What this task involves: The copy must run from the first line of the entries below through the line containing "let a boring", restated word for word, with pictures left out.

Input data:
== == ==

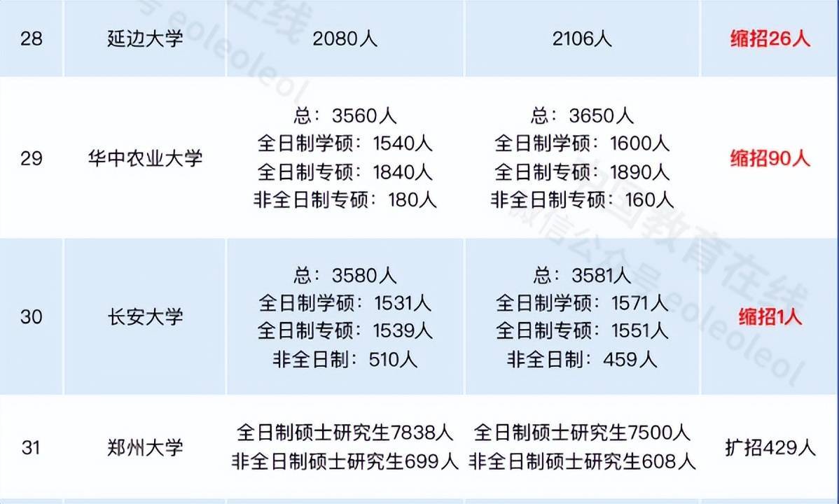 延邊大學縮招了26人,招生人數由2106人變成了2080人,華中農業大學縮招了90人,招生人數由3650人變成了3560人,縮招的名額都是全日制。
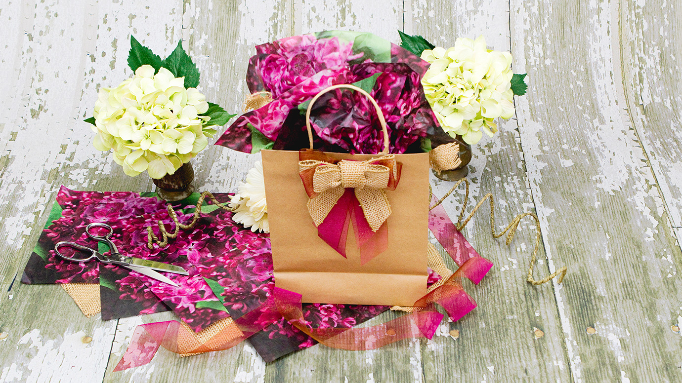 They said, “Don’t let a boring exterior mask the uniqueness of your digitally printed gift. You can print the whole bundle, with printed wrapping paper or even tissue paper. This hydrangea pattern from Digiwrap, for example, was printed with a modified digital offset printer. “
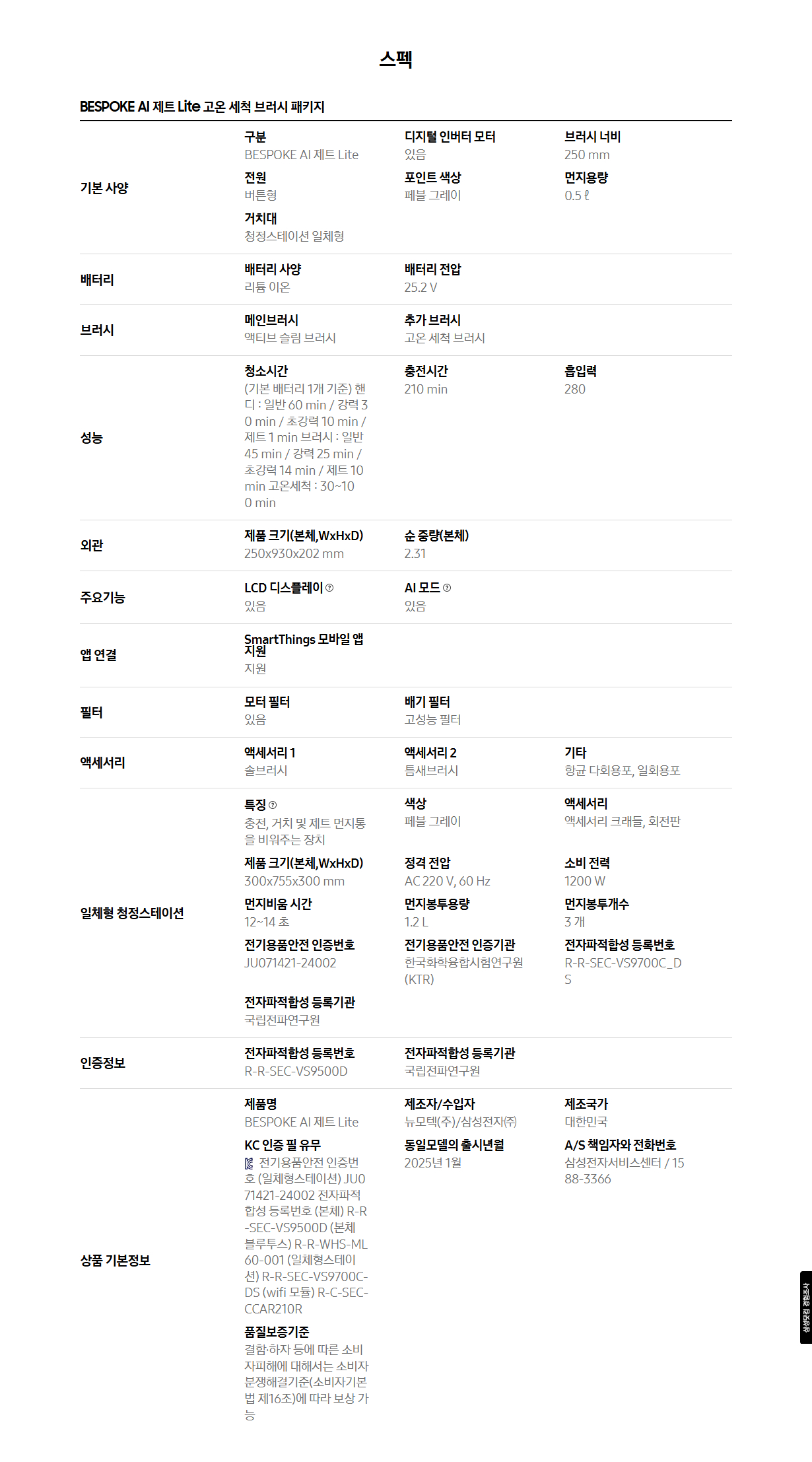 VS28D950HCA 스마트렌탈 [삼성] 비스포크 AI 제트 Lite 청소기 페블그레이 제품분류 무선청소기 AS기간 3년 최저 렌탈가 월 34,900 (렌탈가) 제휴카드 할인가 월 (렌탈가) 3년 4년 5년 할인 제휴카드 보기 렌탈신청 장바구니
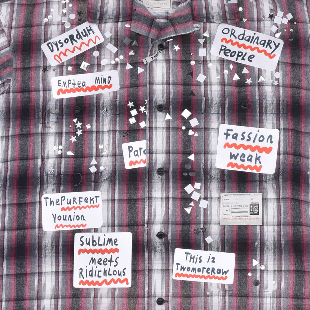 Based on a classic ombre check shirt, this statement piece is packed with punk-inspired collages and playful details.
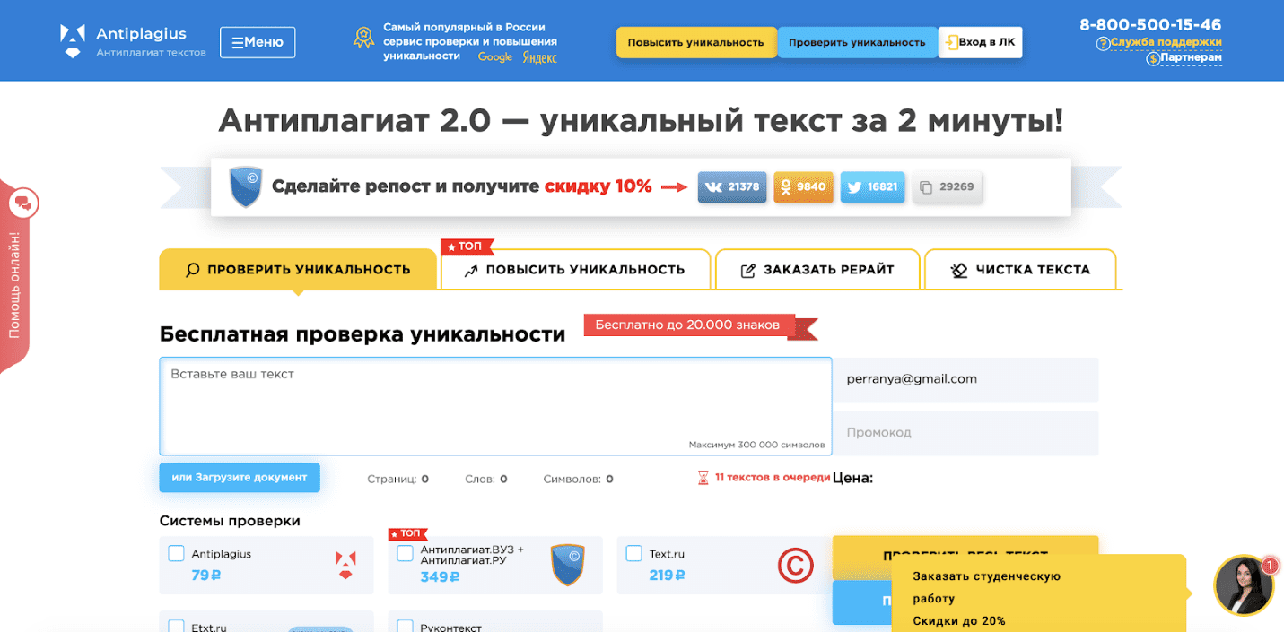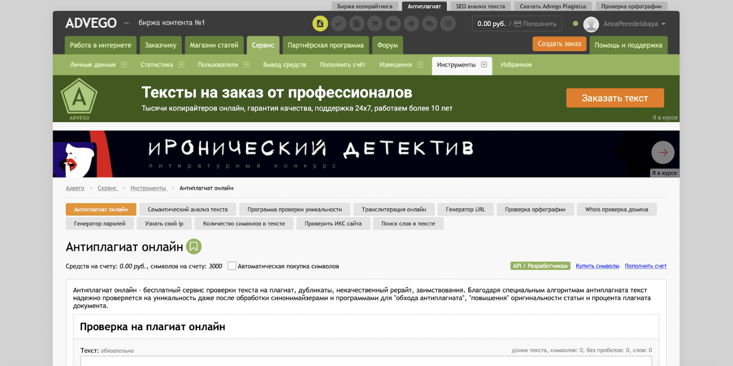 Среди систем для копирайтеров, эта наиболее полезна для студентов. После регистрации вам доступно больше символов — 15 тысяч. Ее удобно использовать при написании работы, например, сегодня вы написали пару параграфов для курсовой — сразу же проверьте их.
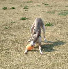 ホームズがそんなことをしている間、サナちゃんはお気に入りのオモチャで遊んでいた。リードという制約が無い中で、元気に芝生を駆け回るサナちゃんの姿はとってもキレイでカワイイ。
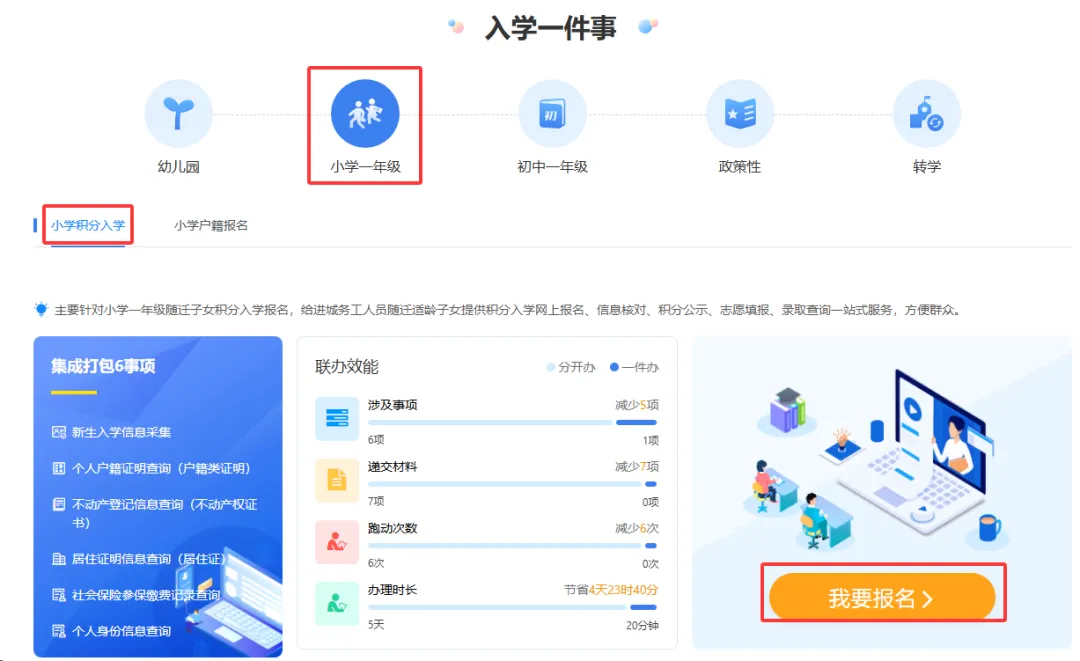 点击“小学一年级”,在“小学积分入学”板块找到“我要报名”按钮点击进入选区界面。

== == ==

Output below:
 延邊大學縮招了26人,招生人數由2106人變成了2080人,華中農業大學縮招了90人,招生人數由3650人變成了3560人,縮招的名額都是全日制。
 They said, “Don’t let a boring exterior mask the uniqueness of your digitally printed gift. You can print the whole bundle, with printed wrapping paper or even tissue paper. This hydrangea pattern from Digiwrap, for example, was printed with a modified digital offset printer. “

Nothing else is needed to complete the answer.